It’s climate vs. economy in Brazil as fires burn 7,000 square miles of Amazon rain forest

October 31, 2019

Often referred to as the lungs of the world, the Amazon rainforest is said to provide around 20 percent of the world’s oxygen.

That turns out not to be exactly true, but huge fires that burned there last summer are dangerous for another reason. Trees and other plants absorb carbon dioxide — the most serious threat to global temperatures — so losing huge swaths of plant-filled forests can injure the climate, scientists say.

Fires are common in forests everywhere, but the blazes in Brazil over the summer were almost double what had been experienced the year before. An article from National Geographic said that as of Aug. 22, 7,000 square miles of the Amazon were aflame, and there had been about 76,000 fires in total in the region this year.

In all, 2.24 million acres had burned this year, 130,000 acres in August alone. Since then, more fires have burned through the rainforest and are expected to keep burning as the dry season (summer in the Southern
Hemisphere) continues and intensifies.

 

According to National Geographic, most of the fires were caused by humans. Some were set in lands that had been previously cleared for the purpose of removing excess vegetation efficiently, while others were being cleared to make room for cattle and crops. Farmers and ranchers both benefit from setting fire to dried-out trees in order to open up land to be used for agriculture.

Most observers blame the policies of Brazil’s new president, Yair Bolsonaro, which have encouraged economic development in the economically disadvantaged region. Bolsonaro’s government claims most of the fires were set by natural phenomena, such as lightning.

He also campaigned on a promise to open up the Amazon to development, to help those who live there advance economically.

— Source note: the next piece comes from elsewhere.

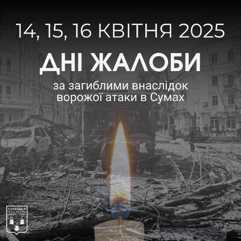 Зазначається, що 14, 15 та 16 квітня в Сумах оголошено днями жалоби.

“We cannot forget that the world needs to be fed,” Bolsonaro said at the United Nations climate meeting in New York Sept. 25. He also said the Amazon rainforest belongs to Brazil. “It is a fallacy to say that the Amazon is a world heritage,” he said.

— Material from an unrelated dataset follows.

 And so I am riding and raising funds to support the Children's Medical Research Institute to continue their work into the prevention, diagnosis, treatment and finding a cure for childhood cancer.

According to Christian Poirier, the program director of Amazon Watch, a nonprofit organization created to protect the Amazon by advancing the rights of the indigineous people in the Amazon Basin as well as campaigning to preserve the Amazon’s ecological system, nothing was unusual about this year’s seasonal weather changes compared to last year’s.

For its part, NASA — the U.S. space program, which studies satellite imagery of the entire planet — says it’s too soon to tell what caused the fires.

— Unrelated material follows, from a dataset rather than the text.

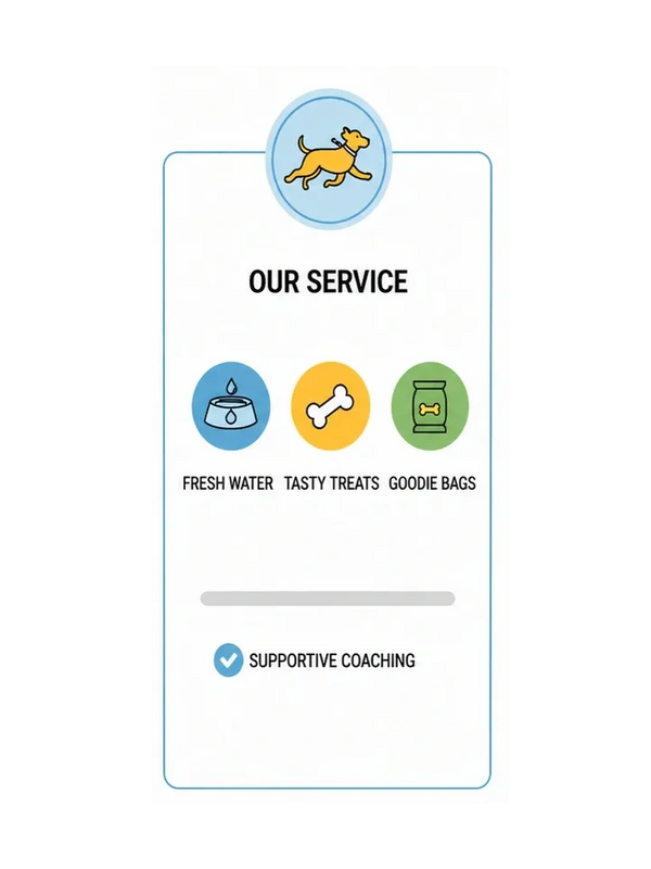 We provide water for your dog to avoid dehydration and a goodie bag with tasty treats to take home.
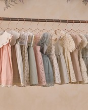 ノラリーは、繊細なディテールとロマンスに溢れる⼀点物のヴィンテージドレスにインスパイアされています。Kelli Murray Larson + チームによりデザインされるたくさんのドレスは、柔らかな⾊彩と質感のレイヤーが織りなす愛の表現であり、⼀点⼀点が独自のストーリーを抱いて生み出されます。

“It is not unusual to see fires in Brazil at this time of year due to high temperatures and low humidity,” says an Aug. 23 article. “Time will tell if this year is a record-breaking or just within normal limits.”

But another satellite-reading federal agency — NOAA, the National Oceanic and Atmospheric Administration — said the fires’ effect is known

“Wildfires release large amounts of carbon dioxide, black carbon, brown carbon and ozone precursors into the atmosphere,” according to a fact sheet on NOAA’s website. “These emissions affect radiation, clouds and climate on regional and even global scales.”
The Amazon absorbs around 90 billion tons of carbon as well as greenhouse gases to prevent them from clouding and polluting the environment according to an article by AP News.